Hukuman bagi koruptor yang diatur UU Tipikor dianggap sepele. Ditambah lagi, belum ada yang pernah dipidana hukuman mati pada kasus korupsi.

Charline Domminique

Mahasiswi Hukum Universitas Katolik Parahyangan (Unpar).

Demonstrasi aktivis antikorupsi di depan Gedung Mahkamah Agung, Jakarta. (Sumber Foto: ICW/antikorupsi.org, diakses 2022)

26 Juni 2022


BandungBergerak.idPidana mati merupakan jenis pidana paling keji yang dapat memberikan efek jera kepada pelaku. Tetapi, pidana mati adalah upaya paling efektif untuk diterapkan dalam memberantas darurat korupsi di Indonesia. Pidana mati awalnya telah diberlakukan di berbagai negara, tak terkecuali Indonesia.

Pada awalnya, pidana mati dikenal tahun 1808 pada masa penjajahan Belanda. Dilanjut pada masa demokrasi liberal, tepatnya tahun 1951. Pada masa itu, pidana mati digunakan untuk membungkam para pemberontak.

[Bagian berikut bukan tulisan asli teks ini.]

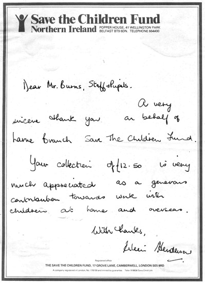 Pupils contributed towards a donation to the N.I. Hospice. Sister McKee came to the school to receive a cheque for £540.

Kemudian, presiden Sukarno mengeluarkan undang-undang darurat yang diperkuat oleh Penpres No. 5 Tahun 1959 dan Peraturan Pemerintah Pengganti UU No. 21 Tahun 1959 dengan ancaman maksimal hukuman mati [Adryamarthanino, Verelladevenka. 2022. “Sejarah Hukuman Mati di Indonesia”. Diakses pada 12 Juni 2022. Sejarah Hukuman Mati di Indonesia (kompas.com)].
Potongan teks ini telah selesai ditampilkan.